U.S. Secretary of State John Kerry, left, shakes hands with Israel's Prime Minister Benjamin Netanyahu at the prime minister's office in Jerusalem, Israel, Sunday, Sept. 15, 2013. (AP Photo/Larry Downing, Pool)

“I am confident that Assad’s days are numbered.”

The president has been saying that since the final presidential debate last year, but the countdown has been getting slower and slower.

Bashar al-Assad is like a serial killer who avoids the death sentence by offering to reveal where the rest of the bodies are buried. But thanks to his instinct for self-preservation, in just two weeks – we’ve gone from the president having his thumb on the red button, to a deal that, according to the Secretary of State, will not only rid Syria of chemical weapons, but could end the civil war.

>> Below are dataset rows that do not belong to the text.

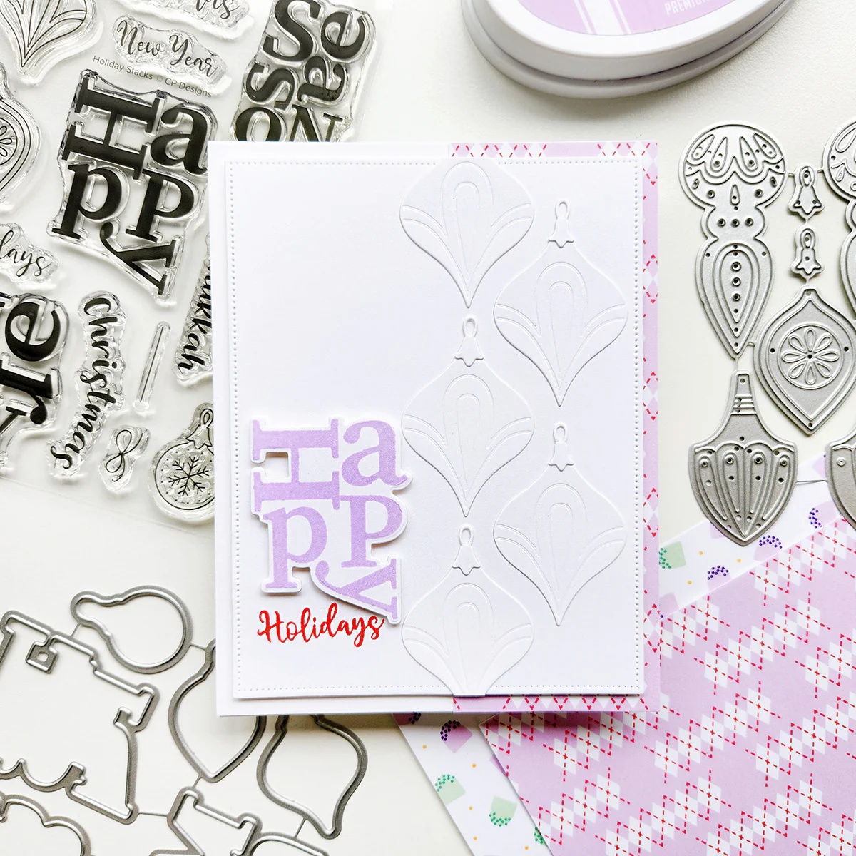 Send a joyful jumble of "merry" and "happy" this season with the Holiday Stacks Sentiment Set. This set features bold, stacked main words paired with secondary scripted sentiments that can nest alongside or beneath the stamped stack, perfect for phrases like "Happy Hanukkah" or "Season's Greetings." To complete your cards and scrapbook pages, we've also included charming line-art retro ornament stamps. For an extra touch of whimsy, try pairing these sentiments with images from the Santa's Crew Stamp and Die Set for playful, festive cards that are full of holiday cheer. For even more options, add the coordinating Holiday Stacks Dies. Sentiments include: Seasons, Merry, Happy, Christmas, New Year, Holidays, Christmas, Hanukkah, Greetings. Designed by Erika Post & Allison Pennington. Catherine Pooler clear stamp sets are made out of high quality photopolymer. They cling easily to our acrylic grid stamping blocks.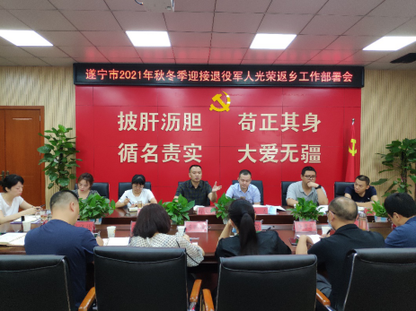 为切实做好2021年全市退役军人光荣返乡迎接工作,营造全社会拥军尊军崇军的氛围,8月23日,遂宁市退役军人事务局召开2021年秋冬季迎接退役军人光荣返乡工作部署会。市退役军人局党组成员、市退役军人服务中心主任舒天忠主持会议。各县(市、区)退役军人局分管负责同志,各县(市、区)及市直园区退役军人服务中心主任,市退役军人服务中心班子成员、各科室负责人参加会议。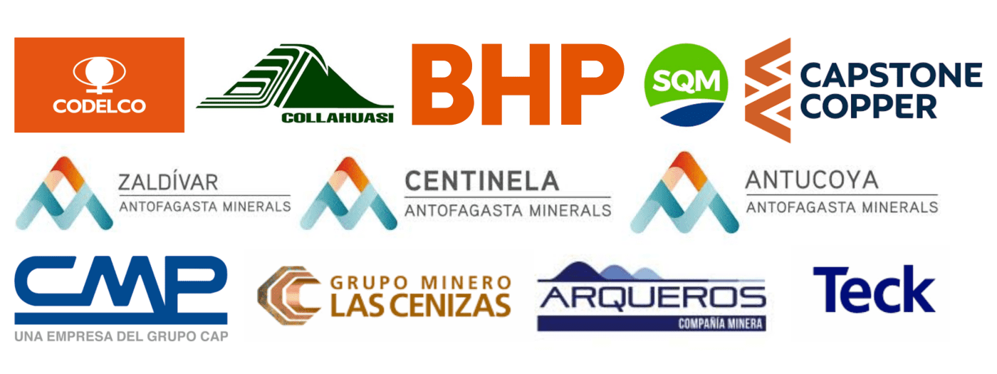 Antucoya, Minera Escondida, Minera Zaldívar, Minera Centinela, Lomas Bayas, Alto Norte, Codelco, SQM, Minera Arqueros, Minera Cenizas, Quebrada Blanca, Collahuasi, CMP, Mantos Blancos, Manto Verde, Mantos Copper, entre otras.

“We could also lay the groundwork for further cooperation that is essential to end the bloodshed that has consumed Syria for more than two years,” said Secretary of State John Kerry

The Syrian rebels obviously don’t like this. They wanted us to come in and win. But we’ve just finished winning a couple of wars and we can’t really afford to win another one.

So the president’s military threat – half-hearted though it was – seems to have worked. Although there might also be another reason Russia and Syria were suddenly eager to cooperate with us.

Last week, Foreign Policy magazine disclosed that 30 years ago, U.S. satellites detected an Israeli chemical weapons program, which Israel has never owned up to.

The guessing in the Israeli press is that as part of the deal, the U.S. will be giving Israel a little nudge in the direction of making its chemical weapons disappear as well.